In this post I would like to share my personal review about the recent book from Packt Publishing called Scaling Big Data with Hadoop and Solr (Second Edition) by Hrishikesh Vijay Karambelkar.
The goal of the book is quite clear in the title too: describe in practice how Apache Hadoop and Apache Solr, help organizations to resolve the problem of information extraction from big data. Don’t you think this is a very interesting problem to face? I think so.
In my personal opinion the table of content is definitely a good starting point to describe how the topic is treated.

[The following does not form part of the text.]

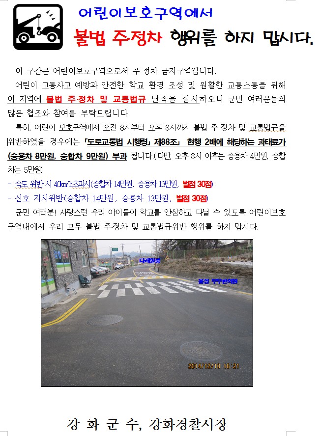 어린이 보호구역 불법 주정차 단속 실시 알림

Chapter 1: Processing Big Data Using Hadoop and MapReduce
Chapter 2: Understanding Apache Solr
Before the solution, the author describes the main components (Apache Hadoop and Apache Solr). If you are a beginner, those chapters are probably not enough to introduce to you the solutions, but if you are an intermediate or an expert, those are two introductory chapters to define the basis. The description is very practical with java examples and source codes (in the perfect style of most of the Packt Publishing books).
Chapter 3: Enabling Distributed Search using Apache Solr
We are talking about Big Data so the Apache Solr engine has to scale in performance and quantity. Because of the Apache Hadoop, Apache Solr engine should be able to work with a distributed environment. This chapter covers this topic with an interesting description: the involvement of MongoDB as NoSql database to accommodate data with varying data models. I personally find this solution very attractive, isn’t it?
Chapter 4: Big Data Search Using Hadoop and Its Ecosystem
Chapter 5: Scaling Search Performance
Now that is described how to define the right architecture for the goal, it’s time to understand how to search the informations. Searching capabilities are described in terms of architecture, commands and practical examples. very interesting also the brief description of the advanced analytics with Solr and R. In the final fifth chapter, the author wants to look for optimizing the running of the big data search instance.
I enjoyed reading this book especially because this is one of my personal goals in content retrieval (especially on semi-structured data) together with Big Data. Of course this is not a book for dummies and before, I suggest to neophytes to read the large amount of introductory books on the described topics.